Basilea Pharmaceutica Ltd, Allschwil (SIX: BSLN), a commercial-stage biopharmaceutical company committed to meeting the needs of patients with severe bacterial and fungal infections, announced today that scientific presentations with new data on its antibiotic ceftobiprole (Zevtera?) have been presented at ESCMID Global 2024, the annual meeting of the European Society of Clinical Microbiology and Infectious Diseases, which took place from April 27 to 30, 2024 in Barcelona, Spain.

Dr. Marc Engelhardt, Chief Medical Officer of Basilea, stated: “The data presented at ESCMID Global 2024 provide further evidence for the differentiated profile of ceftobiprole in the treatment of severe bacterial bloodstream infections, including those involving methicillin-resistant Staphylococcus aureus, MRSA, and pulmonary infections.”
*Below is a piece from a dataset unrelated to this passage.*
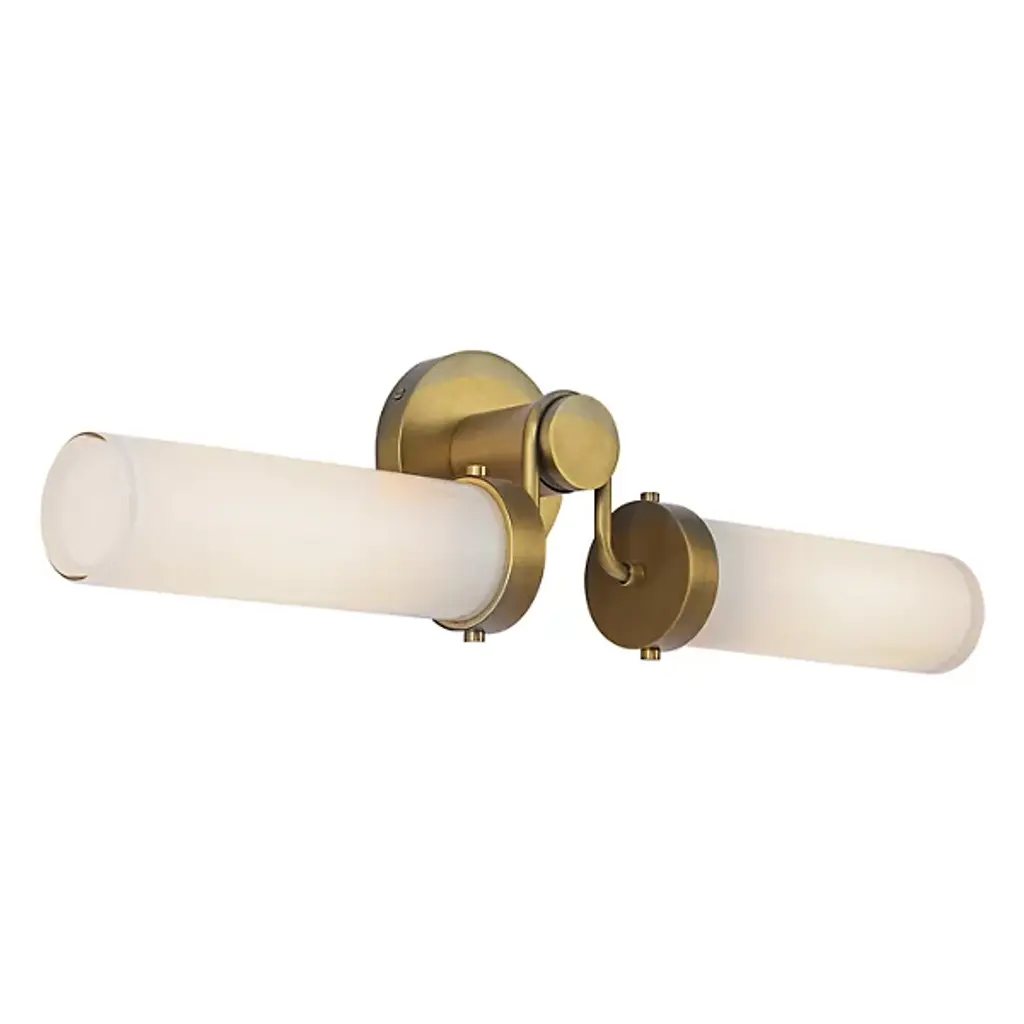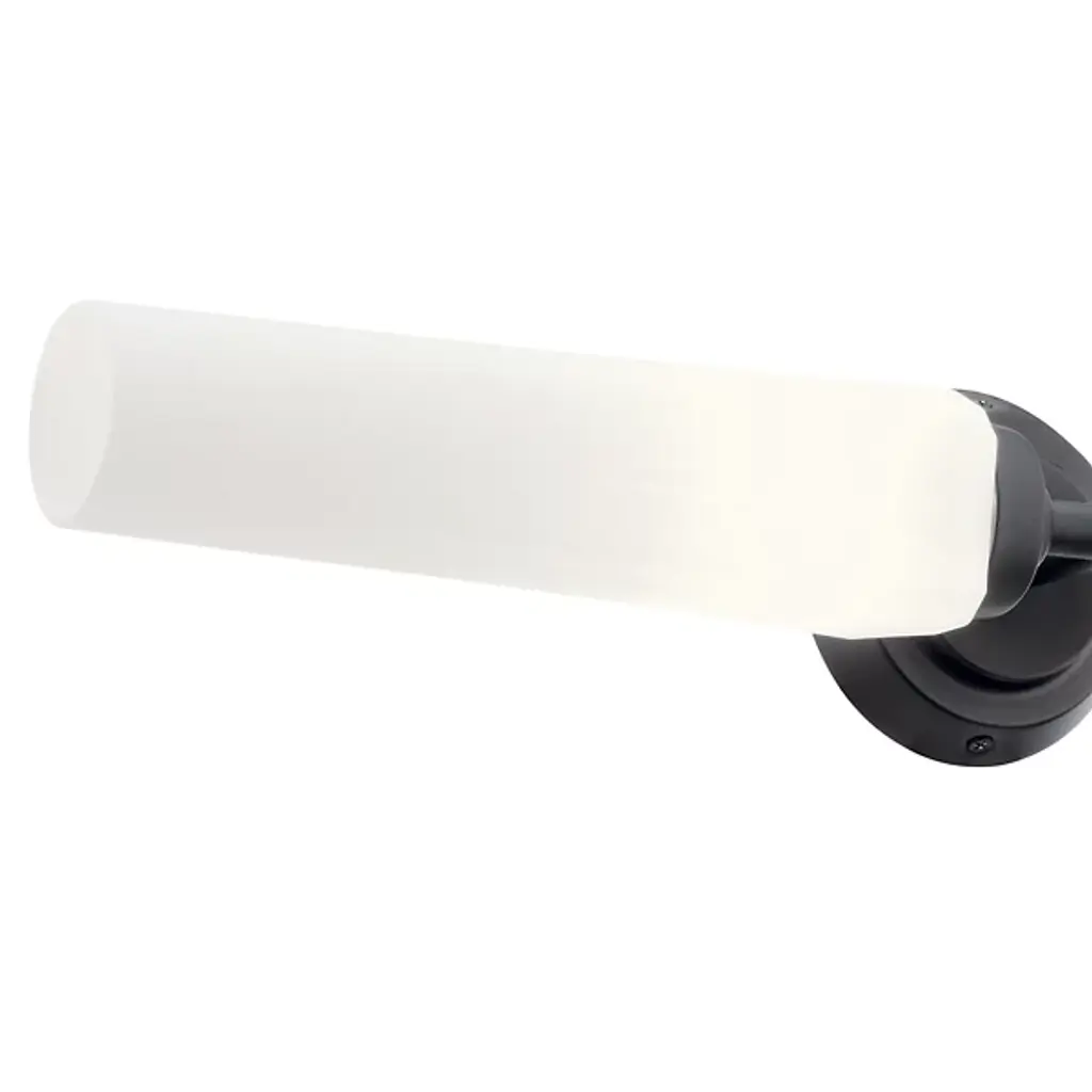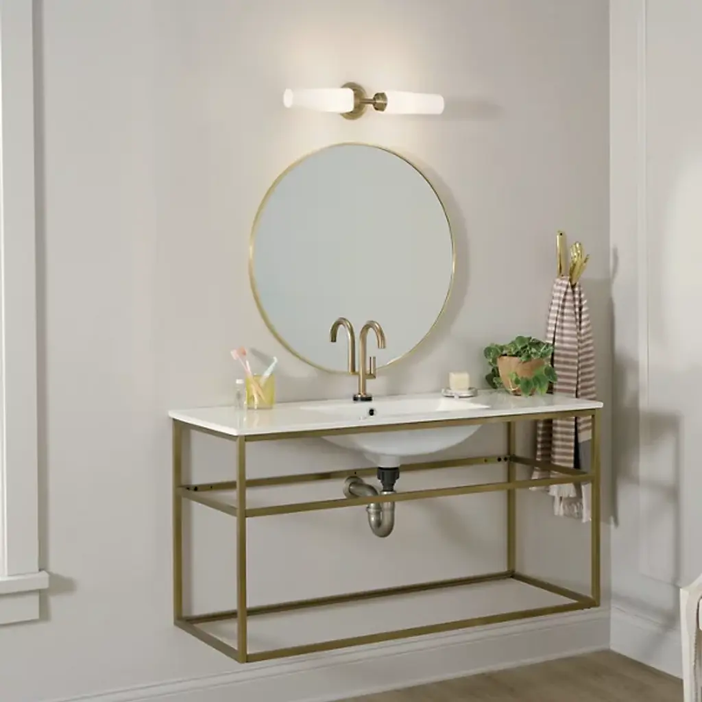 A simple piece that brings an emotional touch to the walls of your home. The Truby Vanity Light from Kichler shapes the décor by using a mix of smooth metal and glass to maximum effect. A round backplate starts the piece, allowing it to mount directly to the wall. A brief arm leads to a horizontal arm and a pair of lengthy, satin etched opal glass shades. Each shade contains a single bulb that brings the shade to life, emphasizing the subtle pattern on the surface as it illuminates the room. The Champagne Bronze finish offers a warm, muted brushed gold style and pairs beautifully with coordinating Delta® plumbing fixtures by Delta Faucet.
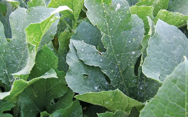 The final thing to look out for is pumpkin flies. These lay eggs under the skin of developing fruit, destroying it or making it unmarketable.

Ceftobiprole was recently approved by the US Food and Drug Administration (FDA), supported by data from three phase 3 studies: ERADICATE, conducted in patients with Staphylococcus aureus bacteremia (SAB), TARGET, in acute bacterial skin and skin structure infections (ABSSSI), and a study in community-acquired bacterial pneumonia (CABP).1, 2, 3

Additional data from the ERADICATE phase 3 study were presented in three posters, comparing ceftobiprole to daptomycin in the treatment of complicated Staphylococcus aureus bacteremia. One poster focused on subgroup analyses in patients with renal impairment, demonstrating consistent efficacy and safety of ceftobiprole in this specific patient group, which included patients with chronic dialysis, representing 13% of patients in the ERADICATE study. Furthermore, baseline characteristics of patients in the ERADICATE study were presented, underlining the complexity of the infections in the studied patient population, with about 30% of patients presenting with more than one underlying infectious condition, foci, or complications at baseline, including soft tissue infections, dialysis, abdominal and thoracic abscesses, osteoarticular infections and right-sided endocarditis. Data presented on a third poster demonstrated that bloodstream clearance was achieved at a median of four days after the start of treatment in both the ceftobiprole and comparator groups. In the group treated with ceftobiprole, fewer patients had Staphylococcus aureus-positive blood cultures after ten days compared to the comparator treatment group.

An oral presentation focused on a re-analysis of the previously conducted ceftobiprole phase 3 study in patients with community-acquired bacterial pneumonia (CABP). The study compared ceftobiprole with ceftriaxone ± linezolid and was performed prior to the availability of the current FDA guidance for the development of drugs for the treatment of CABP (FDA-CABP-2020). Using the FDA-CABP-2020 primary endpoint of early clinical success at day 3 after study start, this re-analysis supported the non-inferiority of ceftobiprole to ceftriaxone ± linezolid.